Let's first talk about linearity. Linearity means the map (a function), $f:V\to W$, used is a linear map, that is, it satisfies the following two conditions

- $f(x+y)=f(x)+f(y),\phantom{\rule{thickmathspace}{0ex}}x,y\in V$
- $f(cx)=cf(x),\phantom{\rule{thickmathspace}{0ex}}c\in \mathbb{R}$

You should be familiar with this definition if you have studied linear algebra in the past.

However, it's more important to think of linearity in terms of linear separability of data, which means the data can be separated into different classes by drawing a line (or hyperplane, if more than two dimensions), which represents a linear decision boundary, through the data. If we cannot do that, then the data is not linearly separable. Often times, data from a more complex (and thus more relevant) problem setting is not linearly separable, so it is in our interest to model these.

To model nonlinear decision boundaries of data, we can utilize a neural network that introduces non-linearity. Neural networks classify data that is not linearly separable by transforming data using some nonlinear function (or our activation function), so the resulting transformed points become linearly separable.

Different activation functions are used for different problem setting contexts. You can read more about that in the book Deep Learning (Adaptive Computation and Machine Learning series).

For an example of non linearly separable data, see the XOR data set.

Can you draw a single line to separate the two classes?

Consider a very simple neural network, with just 2 layers, where the first has 2 neurons and the last 1 neuron, and the input size is 2. The inputs are ${x}_{1}$ and ${x}_{1}$.

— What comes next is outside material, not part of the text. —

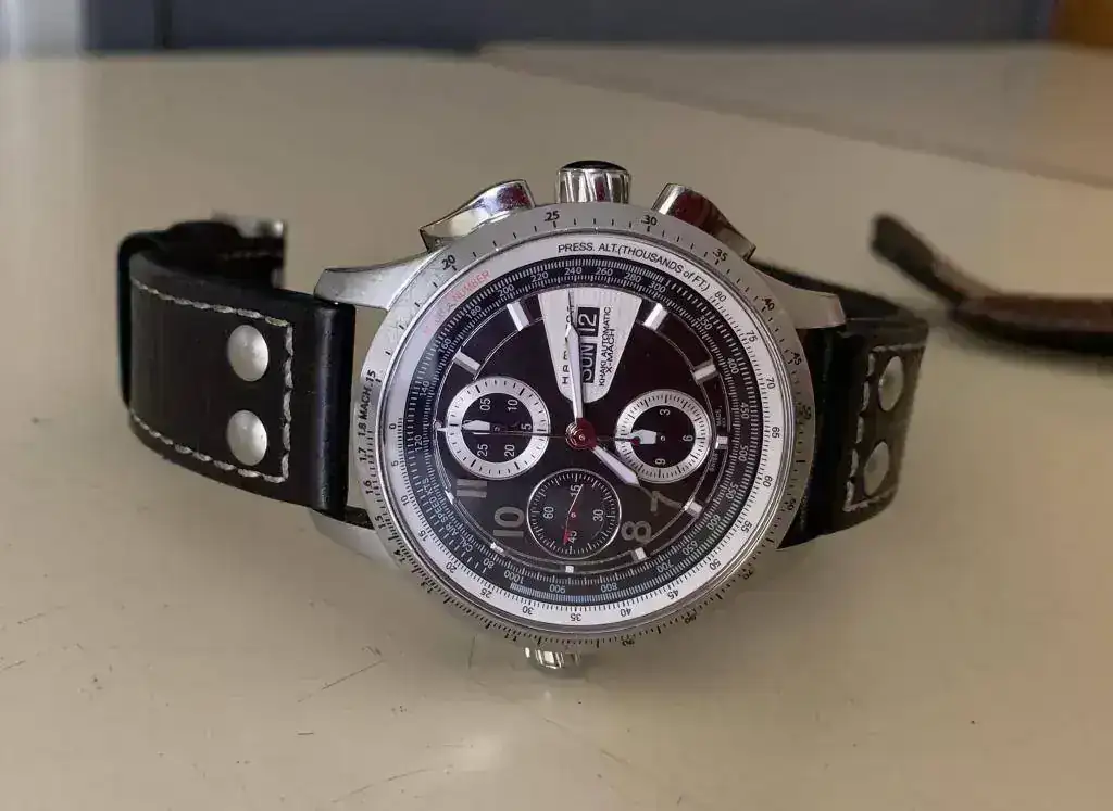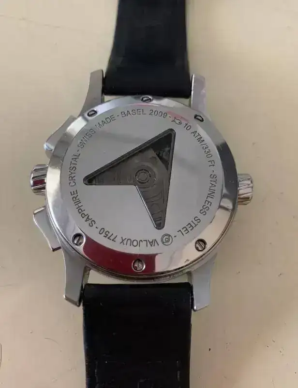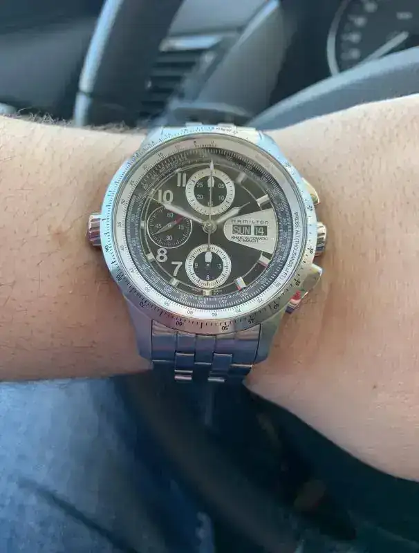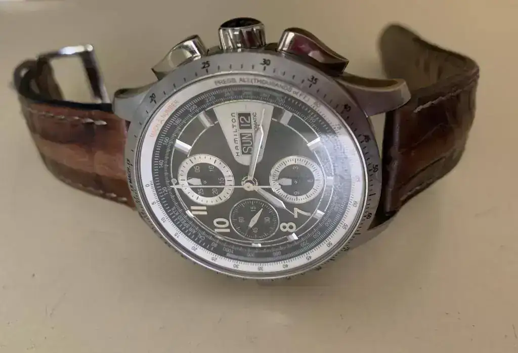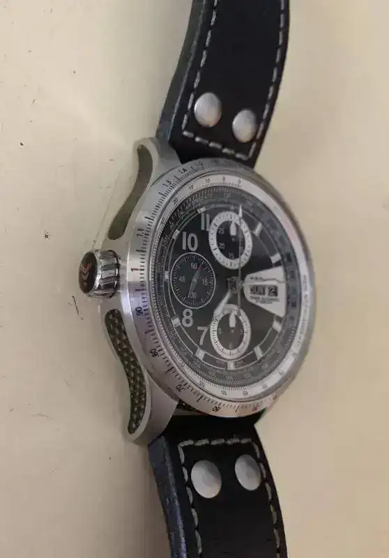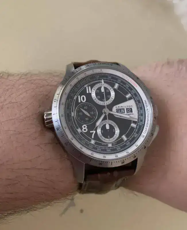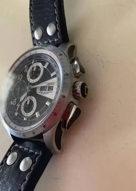 Buenos días. Saco a la venta un poco visto Hamilton x-mach;crono automático, primo hermano del x-wind. El reloj está usado y puede apreciarse en los típicos pelillos del bisel, pero no tiene golpes ni nada parecido. Añado 3 correas. La marrón tiene uso pero creo que aún puede usarse. La negra tiene menos uso pero mencionar que tiene hechos dos agujeros más, y la de acero está usada, pero con un cepillado quedaría nueva. Teniendo todo esto en cuenta le pongo un precio bastante acorde,en mi opinión, de 610€ con el envío incluido por mrw sin asegurarar.tambien puedo entregarlo en mano por madrid sur. En principio podría aceptar como parte de pago un Certina DS action o un Hamilton belowzero en acero, pero escucharé propuestas de cambio.cualquier cosa podéis escribirme un mp.

The weights of the first layer are ${w}_{11},{w}_{12},{w}_{21}$ and ${w}_{22}$. We do not have activations, so the outputs of the neurons in the first layer are

$$\begin{array}{r}{o}_{1}={w}_{11}{x}_{1}+{w}_{12}{x}_{2}\\ {o}_{2}={w}_{21}{x}_{1}+{w}_{22}{x}_{2}\end{array}$$

Let's calculate the output of the last layer with weights ${z}_{1}$ and ${z}_{2}$

$$out={z}_{1}{o}_{1}+{z}_{2}{o}_{2}$$

Just substitute ${o}_{1}$ and ${o}_{2}$ and you will get:

$$out={z}_{1}({w}_{11}{x}_{1}+{w}_{12}{x}_{2})+{z}_{2}({w}_{21}{x}_{1}+{w}_{22}{x}_{2})$$

or

$$out=({z}_{1}{w}_{11}+{z}_{2}{w}_{21}){x}_{1}+({z}_{2}{w}_{22}+{z}_{1}{w}_{12}){x}_{2}$$

And look at this! If we create NN just with one layer with weights ${z}_{1}{w}_{11}+{z}_{2}{w}_{21}$ and ${z}_{2}{w}_{22}+{z}_{1}{w}_{12}$ it will be equivalent to our 2 layers NN.

The conclusion: without nonlinearity, the computational power of a multilayer NN is equal to 1-layer NN.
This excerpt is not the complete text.